Task requirements = Copy the records below word for word, from the first line through the line that contains "const myTemplate = props", and leave out any pictures.
+++ Given records +++
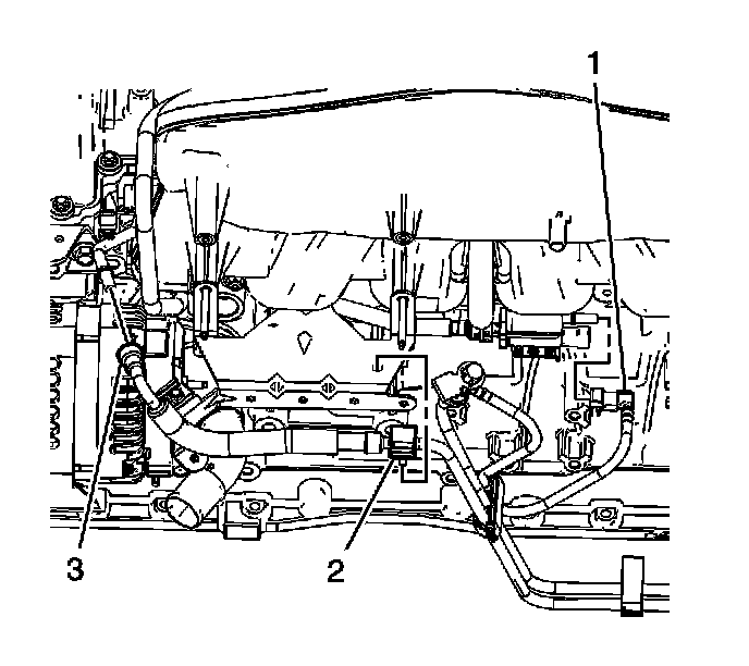 8. Position the fuel feed pipe (3) above the PCM studs.
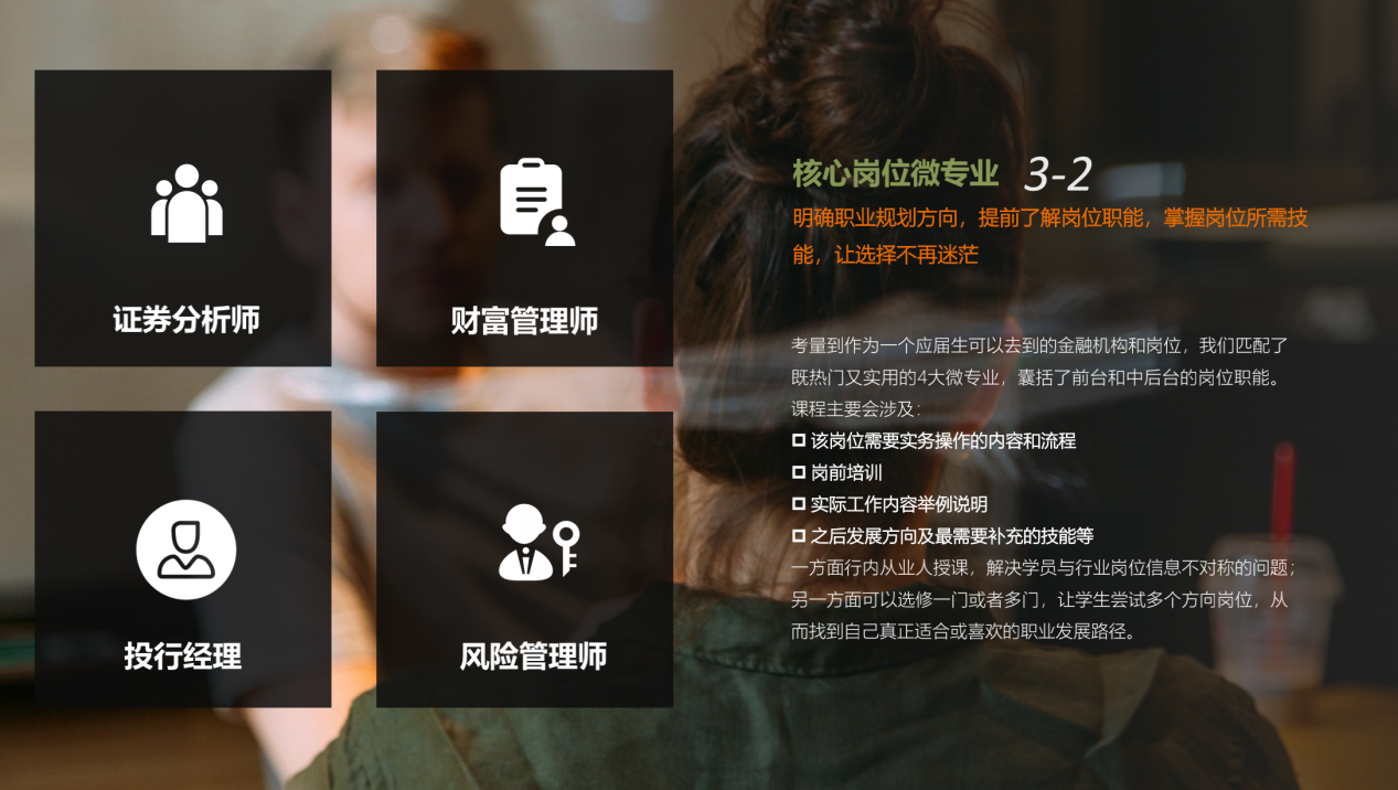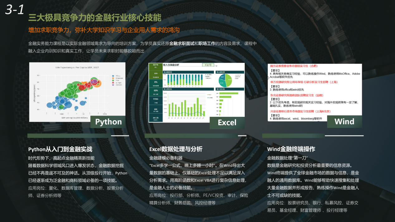 大量实务课程指导:三大华尔街金融必备技能Wind、Excel、Python,两大高级实务技能尽职调查、投资策略,四大岗位微专业
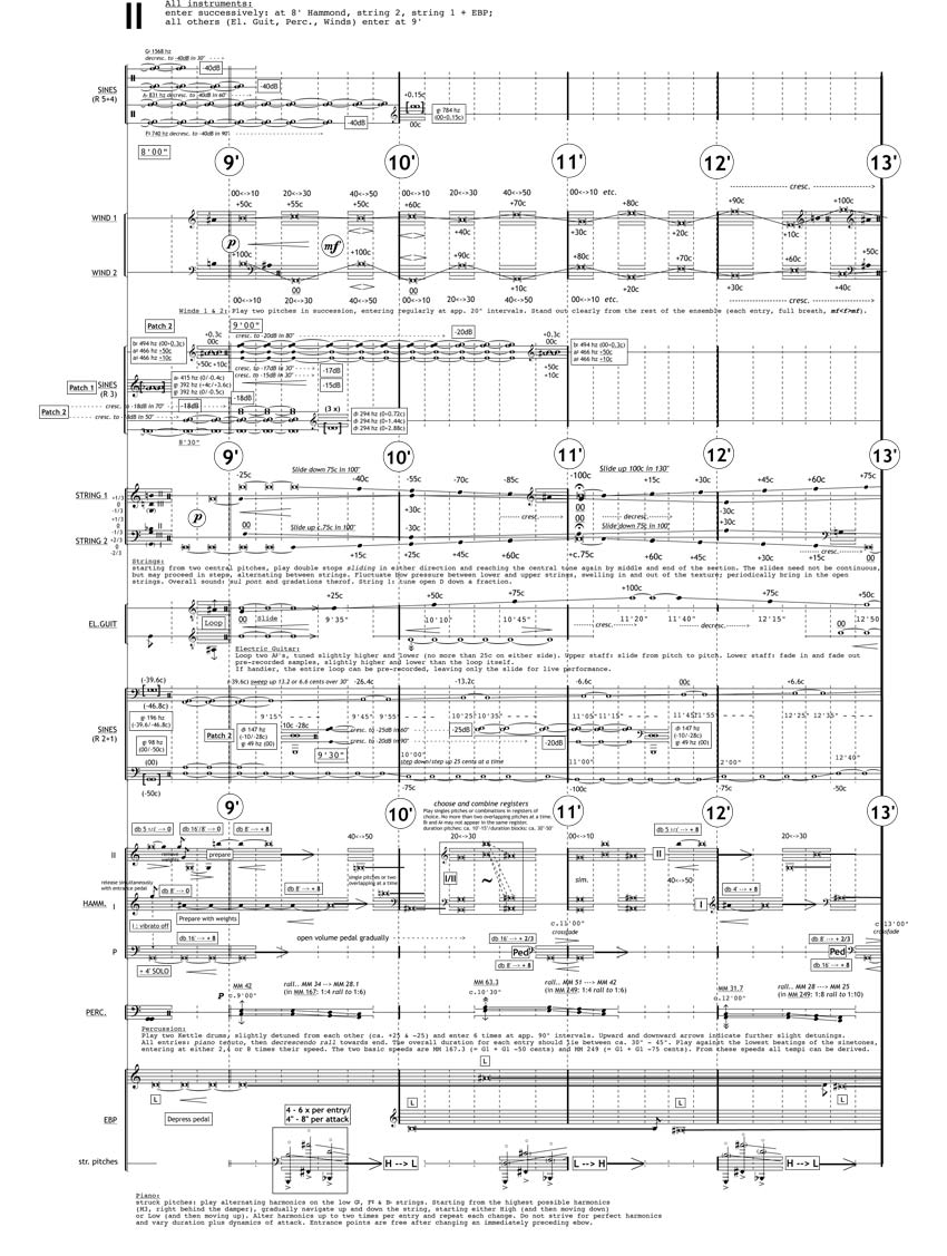 The Hammond Organ itself is used exclusively for the clear rhythmic patterns and often massive pulsations which are inherent to its construction and makes extensive use of weights with which the keys are held down – enabling a lot of play with specified drawbar combinations. The remainder of the ensemble either systematically trace the microtonal contours of the sine patch, in varying speeds and interval sizes (winds and strings), or complement these processes through tracking Hertz values (percussion, sections I and II) or through magnifying specific speeds in the sine-patch (piano keys and percussion). The Ebows (piano) and Electric Guitar mainly serve to conjure up harmony and alternate beating patterns.
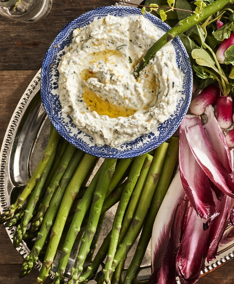 - Hienonna yrtit ja sekoita joukkoon. Voit valmistaa dipin myös sauvasekoittimella tai käsivatkaimella. Murenna silloin fetajuusto ensin pieneksi. Tarjoa parsojen kanssa.
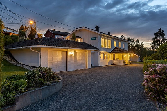 Enebolig, fantastisk sjøutsikt,solrik, 3 garasjer,stor terasse,solcellepanel,etc...
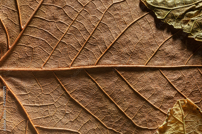 Autumn dry leaf close-up with natural brown texture and veins
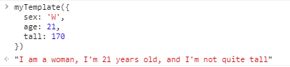 const myTemplate = props => dynamicTamplateString(props)`I am a ${ | |
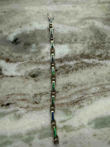 This item is a contemporary link bracelet featuring inlaid segments of lab-created (synthetic) opal. The bracelet is constructed of a metallic material, likely sterling silver based on the color and common pairing with this style of inlay. It consists of multiple rectangular bar-shaped links, each hosting a channel-set panel of vibrant green and blue fire opal. The links are connected by small circular or figure-eight joints that allow for flexibility and fluid movement around the wrist. The iridescent play-of-color within the opal segments displays strong flashes of emerald green and deep cobalt blue, characteristic of laboratory-grown gems. The bracelet features a fold-over or box-style clasp at one end for secure fastening. In terms of condition, there appears to be slight surface oxidation or tarnishing consistent with silver alloy, but the inlay remains intact without visible cracks or missing sections. The craftsmanship is clean, indicating a modern manufacturing process, likely from the late 20th or early 21st century. While no maker's mark is visible from this angle, the style is reminiscent of Southwestern or commercial fashion jewelry designs. Overall, the piece presents well with no structural damage or notable repairs.
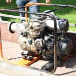 Waterpomp op bouwplaats vat vlam
+++
Exercise response =
 8. Position the fuel feed pipe (3) above the PCM studs.
 大量实务课程指导:三大华尔街金融必备技能Wind、Excel、Python,两大高级实务技能尽职调查、投资策略,四大岗位微专业
 The Hammond Organ itself is used exclusively for the clear rhythmic patterns and often massive pulsations which are inherent to its construction and makes extensive use of weights with which the keys are held down – enabling a lot of play with specified drawbar combinations. The remainder of the ensemble either systematically trace the microtonal contours of the sine patch, in varying speeds and interval sizes (winds and strings), or complement these processes through tracking Hertz values (percussion, sections I and II) or through magnifying specific speeds in the sine-patch (piano keys and percussion). The Ebows (piano) and Electric Guitar mainly serve to conjure up harmony and alternate beating patterns.
 - Hienonna yrtit ja sekoita joukkoon. Voit valmistaa dipin myös sauvasekoittimella tai käsivatkaimella. Murenna silloin fetajuusto ensin pieneksi. Tarjoa parsojen kanssa.
 Enebolig, fantastisk sjøutsikt,solrik, 3 garasjer,stor terasse,solcellepanel,etc...
 Autumn dry leaf close-up with natural brown texture and veins
 const myTemplate = props => dynamicTamplateString(props)`I am a ${ | |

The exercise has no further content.